Really what is desired is the ability to enqueue variable sized work at a constant cost to the producer that gets perfectly packed into waves by the consumer. This is a frustratingly common problem in my experience and there is no good general purpose parallel programming primitive that I’m aware of that addresses it.

This turns out to be an extremely similar problem to rasterization where triangles are large or pixel shaders are reasonably expensive. 1 triangle expands to a variable number of pixels. That pixel work must be distributed across many threads and packed into waves. There’s more things that are rasterization specific to efficiently match up to the ROP but from a high level this is the same general problem.

In fact it is so similar that the HW rasterizer could be abused for this purpose. A generator task runs in VS and produces a variable amount of child work items, which are the pixels. The PS work can then access data from the generator task using interpolators. Using rect lists where the rects are 2xN allows the finest granularity of work expansion. There is weirdness though because of this abuse. HW rasterizers can have static assignment of pixel tiles to units, serialize on overlapping in a tile, and other things that make sense for pixels but not for arbitrary work. I did make this experiment though I jokingly called rasterizer inception since I was running a SW rasterizer inside a HW rasterizer. It was not competitive against the design I will explain.

Minimize data movement

The other problem with small TessFactors is the cost of queuing itself. This gets to an often misunderstood aspect of Nanite. Why is Nanite’s software rasterization faster than hardware? I always have to preface this topic with the fact that I am not a hardware engineer nor do I have access to the details of any GPU’s rasterizer block.

Many think the primary reason is because of pixel quads, or that it isn’t more efficient, it just uses more power, or more transistors on the task at once. Those are true but I don’t think that’s the core of the issue.

I believe it is more about data movement. Assuming the hardware is roughly similar to tile based software rasterizers like cudaraster or cuRE. Triangles get setup, that means calculating depth and attribute planes, edge equations, and bounding boxes.
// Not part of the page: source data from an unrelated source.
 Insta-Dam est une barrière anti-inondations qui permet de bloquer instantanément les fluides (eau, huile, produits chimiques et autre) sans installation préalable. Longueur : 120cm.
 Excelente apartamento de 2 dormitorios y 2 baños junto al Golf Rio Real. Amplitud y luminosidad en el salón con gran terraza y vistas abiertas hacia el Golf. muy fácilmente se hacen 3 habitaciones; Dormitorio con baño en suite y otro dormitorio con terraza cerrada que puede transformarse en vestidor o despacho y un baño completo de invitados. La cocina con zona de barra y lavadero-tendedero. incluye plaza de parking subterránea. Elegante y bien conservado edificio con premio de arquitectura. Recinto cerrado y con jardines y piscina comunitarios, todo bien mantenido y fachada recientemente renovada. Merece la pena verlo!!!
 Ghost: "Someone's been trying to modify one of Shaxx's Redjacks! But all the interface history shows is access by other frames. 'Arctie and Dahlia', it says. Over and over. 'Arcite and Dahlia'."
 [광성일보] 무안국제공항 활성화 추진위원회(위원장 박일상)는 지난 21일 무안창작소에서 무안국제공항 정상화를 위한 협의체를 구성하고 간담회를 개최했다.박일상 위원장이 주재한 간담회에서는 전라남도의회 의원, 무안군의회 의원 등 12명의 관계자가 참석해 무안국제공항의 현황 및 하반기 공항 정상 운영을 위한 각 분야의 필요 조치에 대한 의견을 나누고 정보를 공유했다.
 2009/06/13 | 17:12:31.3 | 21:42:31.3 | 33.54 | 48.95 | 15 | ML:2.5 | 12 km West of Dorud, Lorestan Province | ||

Those will be stored somewhere so the following stages can access them. Already this is a significant amount of data. Then the triangle gets binned, meaning added to tile lists. This might be hierarchical. That means multiple passes of reading an index from a list and a mask, then reading the triangle data to compute a new mask, then write out the index and masks again. Doing prefix sums of the masks to repack into dense waves of work. All of this is optimized and balanced for typical workloads that are pixel bound, the amount of triangles that can be setup in 1 clock, the size of caches and queues.
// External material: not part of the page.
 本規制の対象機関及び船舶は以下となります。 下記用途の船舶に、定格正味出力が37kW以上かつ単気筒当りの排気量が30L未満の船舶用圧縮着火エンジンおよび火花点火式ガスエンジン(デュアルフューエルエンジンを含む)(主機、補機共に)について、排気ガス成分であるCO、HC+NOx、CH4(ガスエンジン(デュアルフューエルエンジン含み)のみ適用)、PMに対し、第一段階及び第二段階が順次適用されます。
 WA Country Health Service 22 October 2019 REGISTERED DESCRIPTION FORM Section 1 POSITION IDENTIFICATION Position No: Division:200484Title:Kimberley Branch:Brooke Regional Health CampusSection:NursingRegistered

What the Nanite software rasterizer does instead of binning, it just writes the pixels. No need for any of the state from triangle setup to leave registers or to move at all. The amount of pixel work is small enough that expanding, consolidating, distributing, and repacking it is more expensive than just doing it.

Local work distribution

The same data movement concern is present with tessellation. As already explained there is more generated work than the simple rasterization case such that load balancing of some kind is required, but there is also a lot of state that makes distributing that work expensive. So instead of either writing it all out to memory or rederiving it, a local approach is used. Redistribute the work only across the wave, keep the state in registers, and read it using WaveReadLaneAt if it isn’t scalar.

A wave starts first by deciding how much work it will produce. Each lane writes the number of items it is producing to the work queue. Then the wave switches to consuming work from the queue, a wave worth of work in each iteration until the queue is empty. A consuming lane gets the index of the producing lane and an index of which item from that producing lane it is consuming. Data for the work itself is read from the producing lane using WaveReadLaneAt or is scalar and was shared by all producing lanes.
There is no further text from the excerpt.